• [What the task requires] In the data, extract each line that holds the string "nourishing".

• [Records for processing]
== == ==
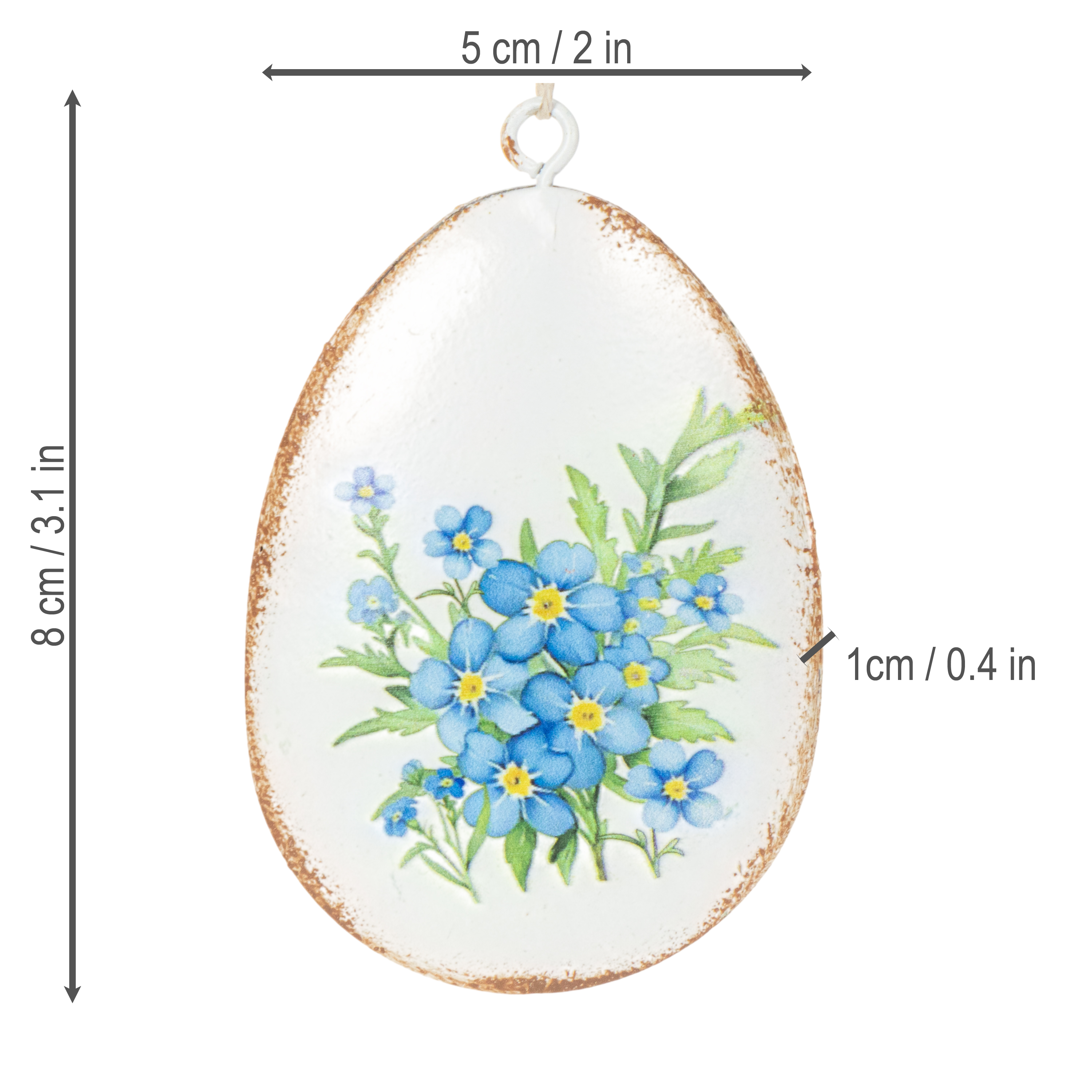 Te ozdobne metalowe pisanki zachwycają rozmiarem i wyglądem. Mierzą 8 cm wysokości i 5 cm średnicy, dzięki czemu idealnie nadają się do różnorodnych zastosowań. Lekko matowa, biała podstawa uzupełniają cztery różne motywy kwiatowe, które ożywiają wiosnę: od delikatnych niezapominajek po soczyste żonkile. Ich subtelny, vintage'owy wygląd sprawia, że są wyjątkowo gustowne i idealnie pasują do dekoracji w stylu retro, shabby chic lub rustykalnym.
== == ==
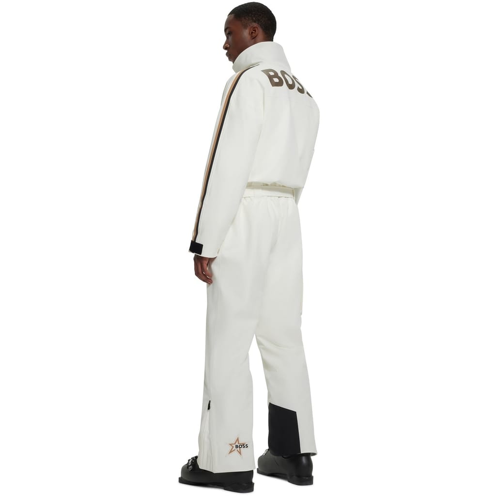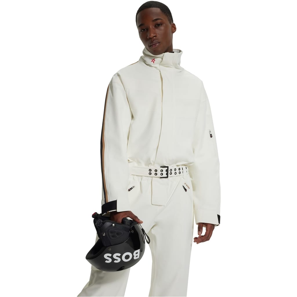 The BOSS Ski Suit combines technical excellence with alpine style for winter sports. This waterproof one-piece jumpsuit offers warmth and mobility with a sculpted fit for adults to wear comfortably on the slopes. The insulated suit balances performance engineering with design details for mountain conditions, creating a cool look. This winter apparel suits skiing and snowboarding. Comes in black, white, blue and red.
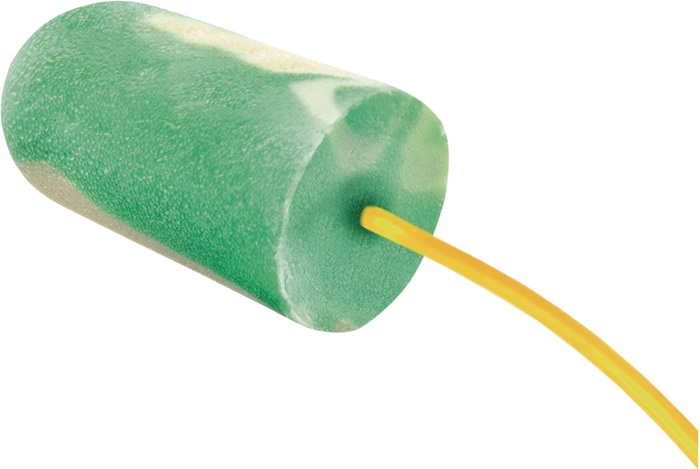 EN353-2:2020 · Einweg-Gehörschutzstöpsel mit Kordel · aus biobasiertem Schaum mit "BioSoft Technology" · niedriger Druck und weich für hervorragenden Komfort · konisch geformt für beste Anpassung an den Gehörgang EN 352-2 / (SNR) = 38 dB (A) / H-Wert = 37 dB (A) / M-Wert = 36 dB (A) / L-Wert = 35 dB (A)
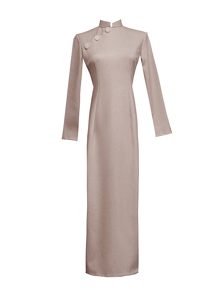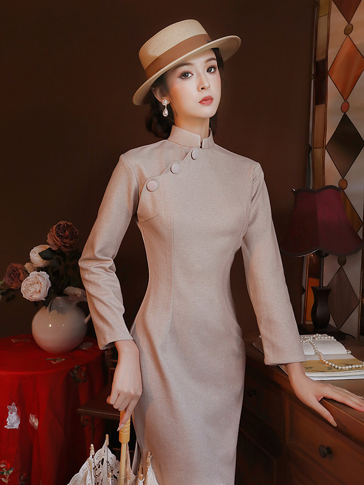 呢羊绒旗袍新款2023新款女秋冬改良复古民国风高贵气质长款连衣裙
== == ==
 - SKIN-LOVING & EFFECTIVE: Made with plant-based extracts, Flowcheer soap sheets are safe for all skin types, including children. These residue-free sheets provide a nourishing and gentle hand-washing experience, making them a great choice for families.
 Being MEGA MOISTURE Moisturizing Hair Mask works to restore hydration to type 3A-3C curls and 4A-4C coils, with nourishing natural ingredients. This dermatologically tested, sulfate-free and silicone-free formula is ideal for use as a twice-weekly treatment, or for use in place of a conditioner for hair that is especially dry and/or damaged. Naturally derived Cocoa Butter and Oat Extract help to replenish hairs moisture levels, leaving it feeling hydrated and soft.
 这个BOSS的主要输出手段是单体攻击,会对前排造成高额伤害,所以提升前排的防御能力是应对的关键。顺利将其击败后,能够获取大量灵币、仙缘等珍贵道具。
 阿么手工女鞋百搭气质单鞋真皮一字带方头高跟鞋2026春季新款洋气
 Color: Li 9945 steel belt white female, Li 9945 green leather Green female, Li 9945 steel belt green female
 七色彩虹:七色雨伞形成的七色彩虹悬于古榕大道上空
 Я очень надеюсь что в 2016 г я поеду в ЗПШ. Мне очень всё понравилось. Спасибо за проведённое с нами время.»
== == ==
• [Output of the task]
 - SKIN-LOVING & EFFECTIVE: Made with plant-based extracts, Flowcheer soap sheets are safe for all skin types, including children. These residue-free sheets provide a nourishing and gentle hand-washing experience, making them a great choice for families.
 Being MEGA MOISTURE Moisturizing Hair Mask works to restore hydration to type 3A-3C curls and 4A-4C coils, with nourishing natural ingredients. This dermatologically tested, sulfate-free and silicone-free formula is ideal for use as a twice-weekly treatment, or for use in place of a conditioner for hair that is especially dry and/or damaged. Naturally derived Cocoa Butter and Oat Extract help to replenish hairs moisture levels, leaving it feeling hydrated and soft.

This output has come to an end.